▸ Exercise description: The data must be given again in full, with no line altered.

++++ Data section ++++

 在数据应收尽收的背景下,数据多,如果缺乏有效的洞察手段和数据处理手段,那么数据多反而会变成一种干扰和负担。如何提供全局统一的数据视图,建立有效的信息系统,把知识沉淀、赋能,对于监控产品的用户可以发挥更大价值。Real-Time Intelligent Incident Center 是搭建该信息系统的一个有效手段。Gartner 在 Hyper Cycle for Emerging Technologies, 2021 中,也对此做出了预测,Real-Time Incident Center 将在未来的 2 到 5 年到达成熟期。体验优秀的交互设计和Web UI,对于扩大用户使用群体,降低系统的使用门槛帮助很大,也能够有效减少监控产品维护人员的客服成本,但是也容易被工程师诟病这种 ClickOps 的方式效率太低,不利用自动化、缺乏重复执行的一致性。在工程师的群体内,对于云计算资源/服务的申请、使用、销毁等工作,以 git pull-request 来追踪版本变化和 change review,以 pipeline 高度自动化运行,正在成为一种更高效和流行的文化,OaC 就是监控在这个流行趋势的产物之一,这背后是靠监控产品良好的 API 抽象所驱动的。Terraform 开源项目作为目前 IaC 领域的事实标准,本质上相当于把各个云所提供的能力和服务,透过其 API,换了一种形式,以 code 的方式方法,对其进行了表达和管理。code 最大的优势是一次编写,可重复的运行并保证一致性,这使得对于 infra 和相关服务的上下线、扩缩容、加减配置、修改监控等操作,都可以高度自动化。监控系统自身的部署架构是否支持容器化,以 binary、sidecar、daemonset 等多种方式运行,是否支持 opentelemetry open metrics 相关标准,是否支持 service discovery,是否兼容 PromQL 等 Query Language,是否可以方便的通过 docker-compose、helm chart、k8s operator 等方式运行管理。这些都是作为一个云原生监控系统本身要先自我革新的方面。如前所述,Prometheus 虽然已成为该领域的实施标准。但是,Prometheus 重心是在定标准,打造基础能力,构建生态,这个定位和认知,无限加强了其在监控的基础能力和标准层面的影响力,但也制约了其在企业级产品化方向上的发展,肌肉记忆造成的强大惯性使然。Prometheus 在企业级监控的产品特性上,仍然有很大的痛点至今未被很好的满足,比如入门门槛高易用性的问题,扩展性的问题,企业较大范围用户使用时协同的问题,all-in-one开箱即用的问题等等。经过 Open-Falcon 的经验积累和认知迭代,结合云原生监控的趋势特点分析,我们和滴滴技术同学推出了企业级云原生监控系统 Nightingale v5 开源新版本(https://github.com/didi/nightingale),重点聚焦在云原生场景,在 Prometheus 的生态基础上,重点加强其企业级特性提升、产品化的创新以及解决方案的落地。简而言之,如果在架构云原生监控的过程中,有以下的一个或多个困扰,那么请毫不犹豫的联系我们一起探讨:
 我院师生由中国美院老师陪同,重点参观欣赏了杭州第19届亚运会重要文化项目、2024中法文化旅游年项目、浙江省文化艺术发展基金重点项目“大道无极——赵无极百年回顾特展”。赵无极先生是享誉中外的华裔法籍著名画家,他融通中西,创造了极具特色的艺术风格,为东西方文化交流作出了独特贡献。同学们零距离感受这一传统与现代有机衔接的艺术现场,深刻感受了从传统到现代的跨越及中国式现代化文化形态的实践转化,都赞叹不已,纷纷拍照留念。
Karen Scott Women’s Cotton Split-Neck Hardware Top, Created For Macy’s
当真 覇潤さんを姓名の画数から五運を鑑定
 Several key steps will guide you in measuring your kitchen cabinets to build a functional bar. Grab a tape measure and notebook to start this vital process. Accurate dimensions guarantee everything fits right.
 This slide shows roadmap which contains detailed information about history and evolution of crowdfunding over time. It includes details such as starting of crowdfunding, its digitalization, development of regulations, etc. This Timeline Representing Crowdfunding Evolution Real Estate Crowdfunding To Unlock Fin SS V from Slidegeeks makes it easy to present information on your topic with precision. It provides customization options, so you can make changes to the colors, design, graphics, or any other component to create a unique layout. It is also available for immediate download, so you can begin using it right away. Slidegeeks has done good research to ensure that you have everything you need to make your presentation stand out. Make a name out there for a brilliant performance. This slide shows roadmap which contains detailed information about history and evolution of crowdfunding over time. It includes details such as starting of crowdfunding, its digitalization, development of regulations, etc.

++++

▸ Completed task:
 在数据应收尽收的背景下,数据多,如果缺乏有效的洞察手段和数据处理手段,那么数据多反而会变成一种干扰和负担。如何提供全局统一的数据视图,建立有效的信息系统,把知识沉淀、赋能,对于监控产品的用户可以发挥更大价值。Real-Time Intelligent Incident Center 是搭建该信息系统的一个有效手段。Gartner 在 Hyper Cycle for Emerging Technologies, 2021 中,也对此做出了预测,Real-Time Incident Center 将在未来的 2 到 5 年到达成熟期。体验优秀的交互设计和Web UI,对于扩大用户使用群体,降低系统的使用门槛帮助很大,也能够有效减少监控产品维护人员的客服成本,但是也容易被工程师诟病这种 ClickOps 的方式效率太低,不利用自动化、缺乏重复执行的一致性。在工程师的群体内,对于云计算资源/服务的申请、使用、销毁等工作,以 git pull-request 来追踪版本变化和 change review,以 pipeline 高度自动化运行,正在成为一种更高效和流行的文化,OaC 就是监控在这个流行趋势的产物之一,这背后是靠监控产品良好的 API 抽象所驱动的。Terraform 开源项目作为目前 IaC 领域的事实标准,本质上相当于把各个云所提供的能力和服务,透过其 API,换了一种形式,以 code 的方式方法,对其进行了表达和管理。code 最大的优势是一次编写,可重复的运行并保证一致性,这使得对于 infra 和相关服务的上下线、扩缩容、加减配置、修改监控等操作,都可以高度自动化。监控系统自身的部署架构是否支持容器化,以 binary、sidecar、daemonset 等多种方式运行,是否支持 opentelemetry open metrics 相关标准,是否支持 service discovery,是否兼容 PromQL 等 Query Language,是否可以方便的通过 docker-compose、helm chart、k8s operator 等方式运行管理。这些都是作为一个云原生监控系统本身要先自我革新的方面。如前所述,Prometheus 虽然已成为该领域的实施标准。但是,Prometheus 重心是在定标准,打造基础能力,构建生态,这个定位和认知,无限加强了其在监控的基础能力和标准层面的影响力,但也制约了其在企业级产品化方向上的发展,肌肉记忆造成的强大惯性使然。Prometheus 在企业级监控的产品特性上,仍然有很大的痛点至今未被很好的满足,比如入门门槛高易用性的问题,扩展性的问题,企业较大范围用户使用时协同的问题,all-in-one开箱即用的问题等等。经过 Open-Falcon 的经验积累和认知迭代,结合云原生监控的趋势特点分析,我们和滴滴技术同学推出了企业级云原生监控系统 Nightingale v5 开源新版本(https://github.com/didi/nightingale),重点聚焦在云原生场景,在 Prometheus 的生态基础上,重点加强其企业级特性提升、产品化的创新以及解决方案的落地。简而言之,如果在架构云原生监控的过程中,有以下的一个或多个困扰,那么请毫不犹豫的联系我们一起探讨:
 我院师生由中国美院老师陪同,重点参观欣赏了杭州第19届亚运会重要文化项目、2024中法文化旅游年项目、浙江省文化艺术发展基金重点项目“大道无极——赵无极百年回顾特展”。赵无极先生是享誉中外的华裔法籍著名画家,他融通中西,创造了极具特色的艺术风格,为东西方文化交流作出了独特贡献。同学们零距离感受这一传统与现代有机衔接的艺术现场,深刻感受了从传统到现代的跨越及中国式现代化文化形态的实践转化,都赞叹不已,纷纷拍照留念。
Karen Scott Women’s Cotton Split-Neck Hardware Top, Created For Macy’s
当真 覇潤さんを姓名の画数から五運を鑑定
 Several key steps will guide you in measuring your kitchen cabinets to build a functional bar. Grab a tape measure and notebook to start this vital process. Accurate dimensions guarantee everything fits right.
 This slide shows roadmap which contains detailed information about history and evolution of crowdfunding over time. It includes details such as starting of crowdfunding, its digitalization, development of regulations, etc. This Timeline Representing Crowdfunding Evolution Real Estate Crowdfunding To Unlock Fin SS V from Slidegeeks makes it easy to present information on your topic with precision. It provides customization options, so you can make changes to the colors, design, graphics, or any other component to create a unique layout. It is also available for immediate download, so you can begin using it right away. Slidegeeks has done good research to ensure that you have everything you need to make your presentation stand out. Make a name out there for a brilliant performance. This slide shows roadmap which contains detailed information about history and evolution of crowdfunding over time. It includes details such as starting of crowdfunding, its digitalization, development of regulations, etc.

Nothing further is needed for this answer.